Microsoft doesn't use OpenSSL, and I can't imagine there's anything running on PayPal's servers that was made in the past 10 years, so they probably don't either. [editline]10th April 2014[/editline] my merge [editline]10th April 2014[/editline] [url]https://www.paypal-community.com/t5/PayPal-Forward/OpenSSL-Heartbleed-Bug-PayPal-Account-Holders-are-Secure/ba-p/797568?profile.language=en#[/url]
i just found a list of affected sites [URL]http://mashable.com/2014/04/09/heartbleed-bug-websites-affected/[/URL] and does anyone know if Playstation sites were affected? same for Facepunch?
[QUOTE=robotman5;44510597]i just found a list of affected sites [URL]http://mashable.com/2014/04/09/heartbleed-bug-websites-affected/[/URL] and does anyone know if Playstation sites were affected? same for Facepunch?[/QUOTE] Facepunch https goes though cloudflare iirc and they had it fixed in a split second
[QUOTE=Mega1mpact;44510734]Facepunch https goes though cloudflare irrc and they had it fixed in a split second[/QUOTE] Alright thats good, now do you know if sony patched their playstation site?
[QUOTE=robotman5;44510750]Alright thats good, now do you know if sony patched their playstation site?[/QUOTE] Sony is safe.
[QUOTE=Map in a box;44512872]Sony is safe.[/QUOTE] Do you have a source?
[QUOTE=robotman5;44512905]Do you have a source?[/QUOTE] Don't need a source, I checked manually. [editline]10th April 2014[/editline] Also you're not going to be able to isolate yourself from the internet so no need to stress over this just reset your passwords in a week if you're worried :v:
[QUOTE=Map in a box;44512913]Don't need a source, I checked manually. [editline]10th April 2014[/editline] Also you're not going to be able to isolate yourself from the internet so no need to stress over this just reset your passwords in a week if you're worried :v:[/QUOTE] I just tell everybody not to worry about accounts that haven't been logged into in a recent timeframe. Because this exploit exposes data in memory, not data on the filesystem, and chances are if you haven't logged into PayPal in a week or so your password probably isn't in memory.
[QUOTE=lavacano;44514358]I just tell everybody not to worry about accounts that haven't been logged into in a recent timeframe. Because this exploit exposes data in memory, not data on the filesystem, and chances are if you haven't logged into PayPal in a week or so your password probably isn't in memory.[/QUOTE] You'd hope they wouldn't use raw passwords. Not only that, you would hope they would 0 the memory they are using for passwords.
[QUOTE=lavacano;44514358]I just tell everybody not to worry about accounts that haven't been logged into in a recent timeframe.

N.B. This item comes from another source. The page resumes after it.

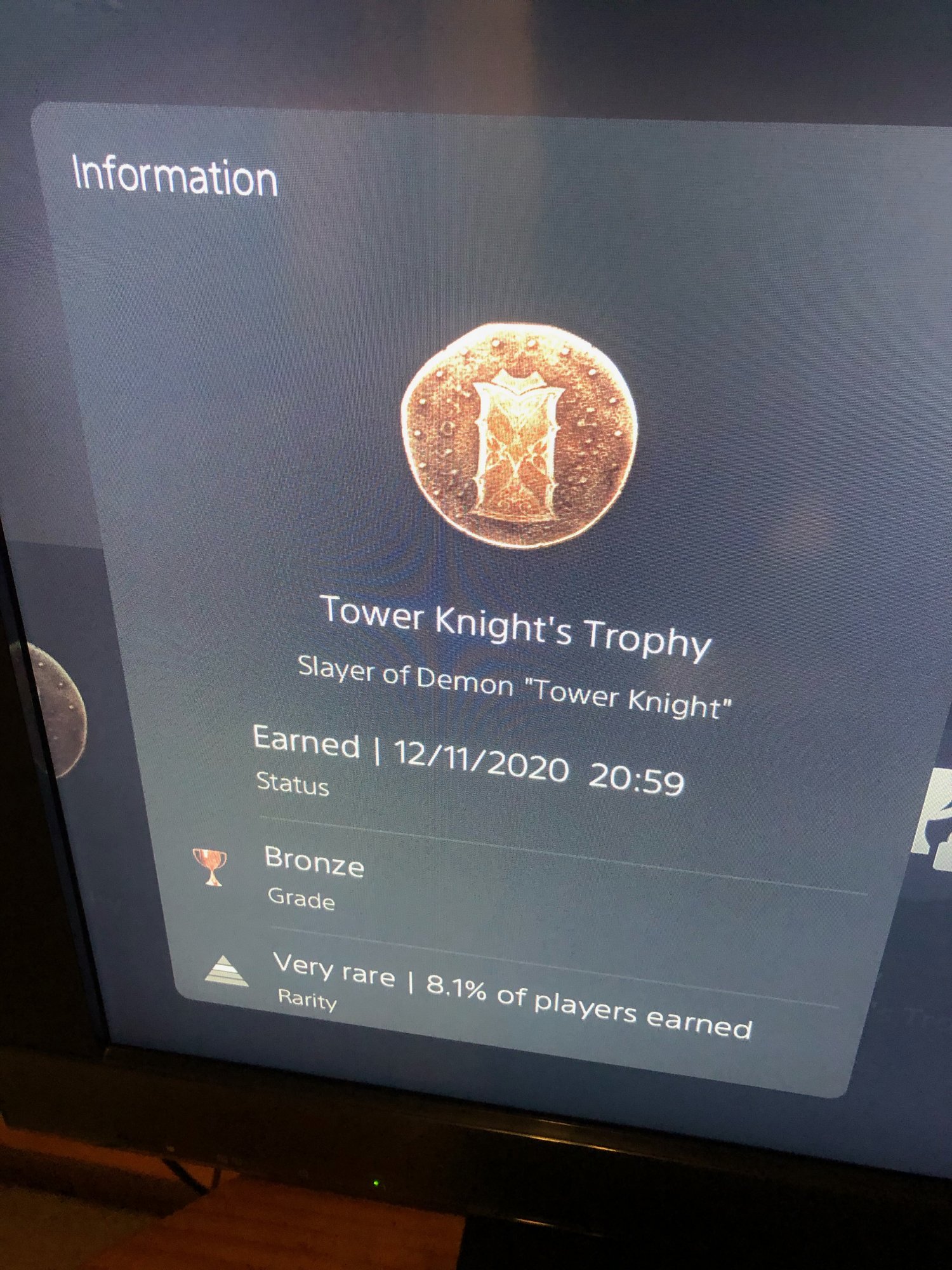 Nice! That's the giant with the shield? I don't remember anything about how to fight him but he looked so cool.My suspicion was correct. Had my first death (aside from the Vanguard Demon in the outpost, who I believe you're 'supposed' to die to) after discovering the Tower Knight. Died to him a second time, then went into the doldrums where I died 3-4 more times just trying to get back to him. However, on the third boss attempt, things paid off!

Because this exploit exposes data in memory, not data on the filesystem, and chances are if you haven't logged into PayPal in a week or so your password probably isn't in memory.[/QUOTE] PayPal seems to not be affected at all, so I am guessing they are using a 3 year old version of OpenSSL.

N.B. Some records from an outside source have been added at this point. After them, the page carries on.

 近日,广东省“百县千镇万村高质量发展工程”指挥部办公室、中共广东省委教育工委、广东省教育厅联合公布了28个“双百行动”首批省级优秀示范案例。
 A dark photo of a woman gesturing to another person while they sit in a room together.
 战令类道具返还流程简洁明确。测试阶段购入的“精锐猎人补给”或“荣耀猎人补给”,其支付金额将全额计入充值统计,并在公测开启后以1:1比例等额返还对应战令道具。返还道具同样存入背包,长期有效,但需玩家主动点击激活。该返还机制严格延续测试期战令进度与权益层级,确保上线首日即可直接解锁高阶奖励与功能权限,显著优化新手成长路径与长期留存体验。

Best explanation for people who don't understand programmer stuff: [img]http://imgs.xkcd.com/comics/heartbleed_explanation.png[/img]
[QUOTE=Ybbat;44514374]You'd hope they wouldn't use raw passwords. Not only that, you would hope they would 0 the memory they are using for passwords.[/QUOTE] Of course, but people are still worried that such things will happen anyway.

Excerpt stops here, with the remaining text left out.